■ Work instruction
Wherever pictures occur in the entries below, leave them out and retype the rest exactly.

■ Data
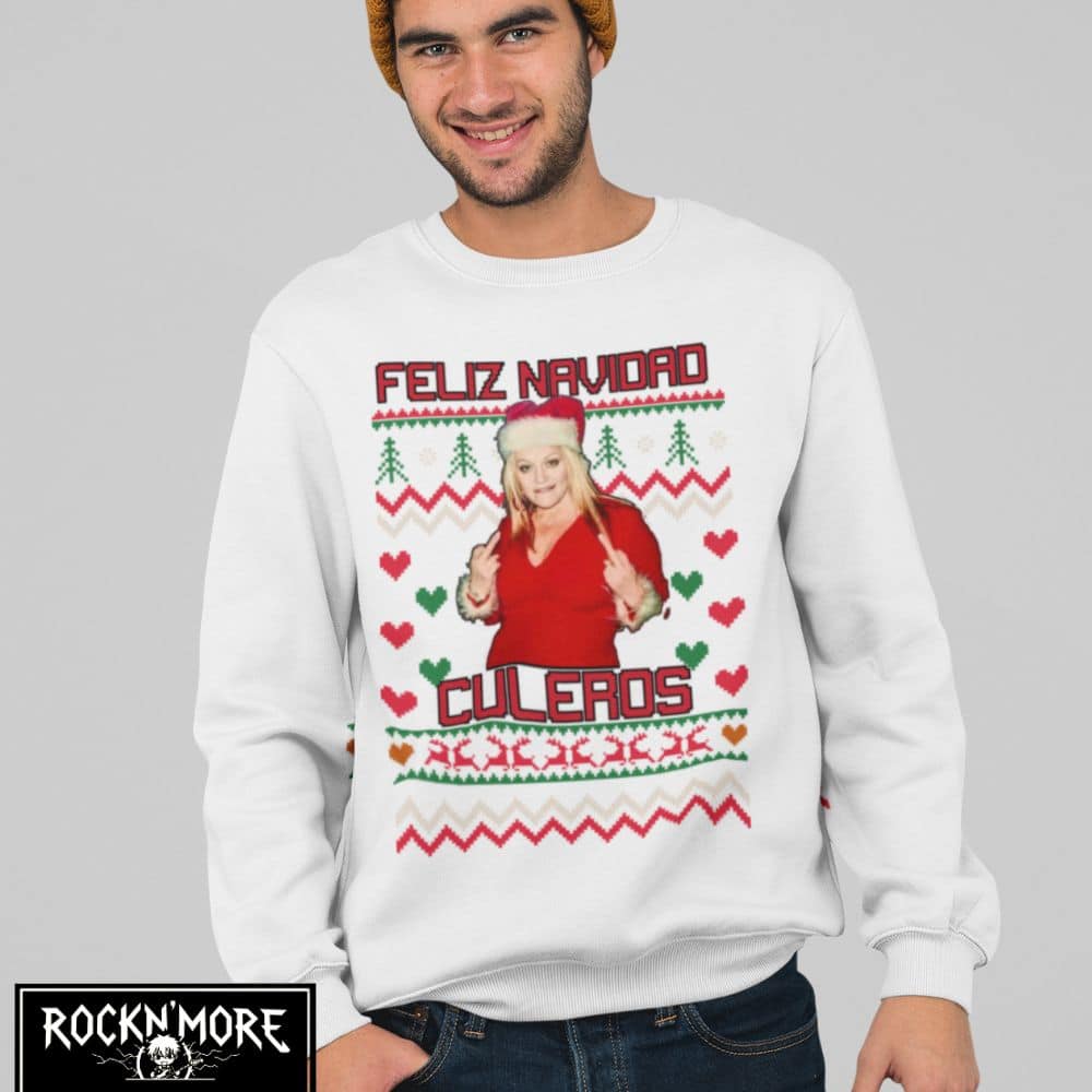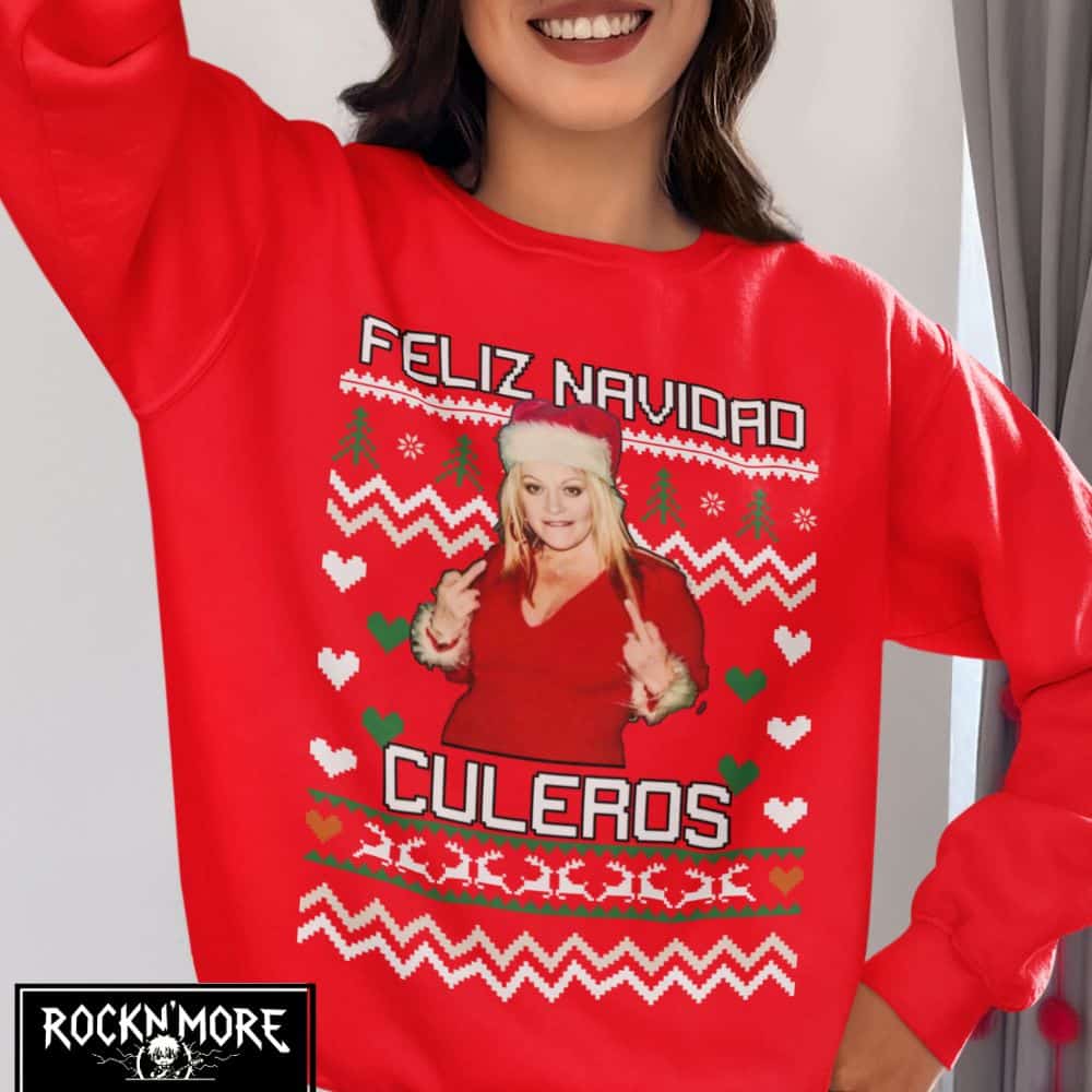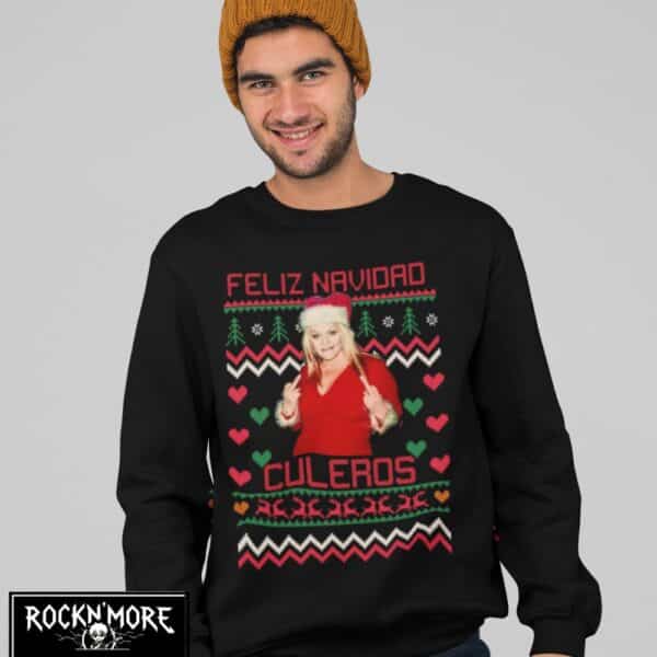 Di adiós a los días de suéter feos sin personalidad y dale la bienvenida a este tesoro de la moda navideña. Presentamos un sweater dedicado a la diva de la banda, Jenni Rivera, ahora listo para llevar su energía y encanto a tus festejos navideños. ¿Qué lo hace único? Un diseño que grita “¿Por qué no?” en la mejor manera posible.
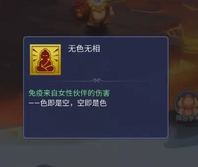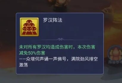 金身罗汉,一共7位,免疫女性伙伴伤害。 当我方未对所有罗汉均造成伤害时,本次伤害减免50%伤害。
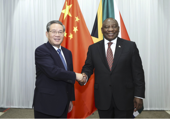 李强首先转达习近平主席对拉马福萨总统的亲切问候,表示数十年来,中国和南非亲如兄弟,友谊跨越山海,历久弥坚。在两国元首战略引领下,中南正携手推进新时代全方位战略合作伙伴关系,致力于造福两国人民。中方愿同南非一道继续努力,弘扬传统友谊,深化政治互信,坚定支持彼此核心利益和重大关切,拓展各领域合作,更好促进两国共同发展和中非团结合作。
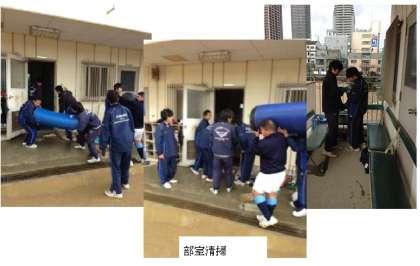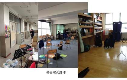 ラグビー部は、部室の掃除。(写真上)吹奏楽部は、音楽室はじめ練習に使った特別教室など、きれいにしています。(写真下)
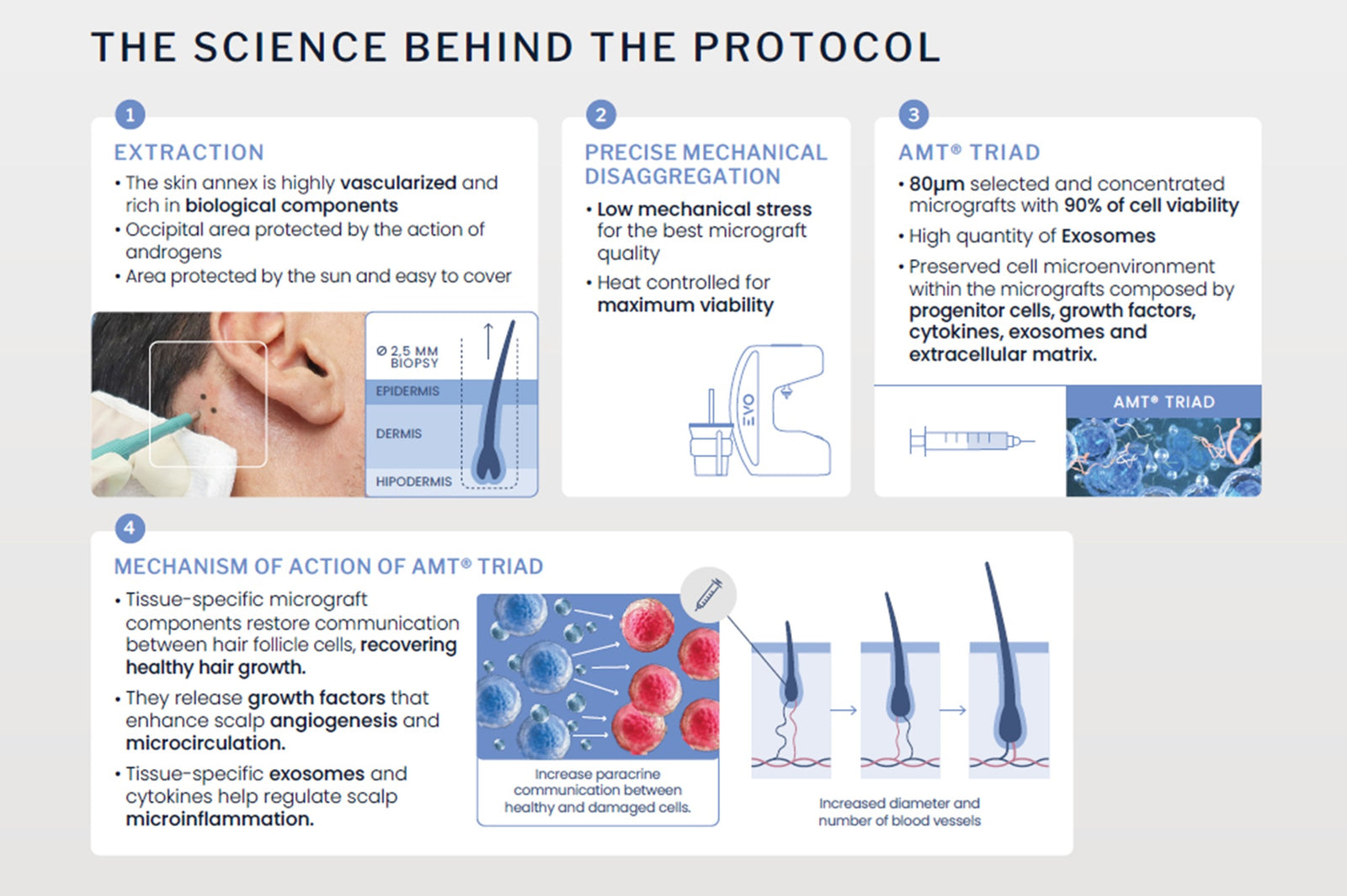 通过 AMT® 疗法,医生可以获得一种微移植溶液,该溶液来自皮肤活检,并且与受体部位具有相同的胚胎学起源(同源),这意味着通过该疗法激活的通路比 PRP 疗法更具特异性。此外,与 PRP 不同,AMT® 疗法产生的溶液不仅含有生长因子,还含有保留在患者头皮中的祖细胞。这些细胞将持续释放细胞因子、趋化因子和生长因子,以增强受影响区域的再生特性,且效果可持续数年。因此,愈合效果将更加显著,结果将更好且更持久。
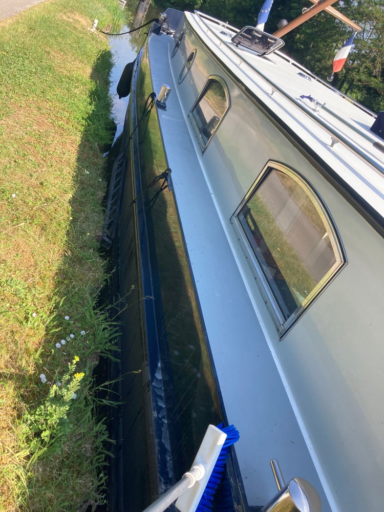 My broken ankle had stopped me from doing anythjing much to the boat for some weeks, but I felt up to some gentle brushing away of muddy marks.

■ Response area
 Di adiós a los días de suéter feos sin personalidad y dale la bienvenida a este tesoro de la moda navideña. Presentamos un sweater dedicado a la diva de la banda, Jenni Rivera, ahora listo para llevar su energía y encanto a tus festejos navideños. ¿Qué lo hace único? Un diseño que grita “¿Por qué no?” en la mejor manera posible.
 金身罗汉,一共7位,免疫女性伙伴伤害。 当我方未对所有罗汉均造成伤害时,本次伤害减免50%伤害。
 李强首先转达习近平主席对拉马福萨总统的亲切问候,表示数十年来,中国和南非亲如兄弟,友谊跨越山海,历久弥坚。在两国元首战略引领下,中南正携手推进新时代全方位战略合作伙伴关系,致力于造福两国人民。中方愿同南非一道继续努力,弘扬传统友谊,深化政治互信,坚定支持彼此核心利益和重大关切,拓展各领域合作,更好促进两国共同发展和中非团结合作。
 ラグビー部は、部室の掃除。(写真上)吹奏楽部は、音楽室はじめ練習に使った特別教室など、きれいにしています。(写真下)
 通过 AMT® 疗法,医生可以获得一种微移植溶液,该溶液来自皮肤活检,并且与受体部位具有相同的胚胎学起源(同源),这意味着通过该疗法激活的通路比 PRP 疗法更具特异性。此外,与 PRP 不同,AMT® 疗法产生的溶液不仅含有生长因子,还含有保留在患者头皮中的祖细胞。这些细胞将持续释放细胞因子、趋化因子和生长因子,以增强受影响区域的再生特性,且效果可持续数年。因此,愈合效果将更加显著,结果将更好且更持久。
 My broken ankle had stopped me from doing anythjing much to the boat for some weeks, but I felt up to some gentle brushing away of muddy marks.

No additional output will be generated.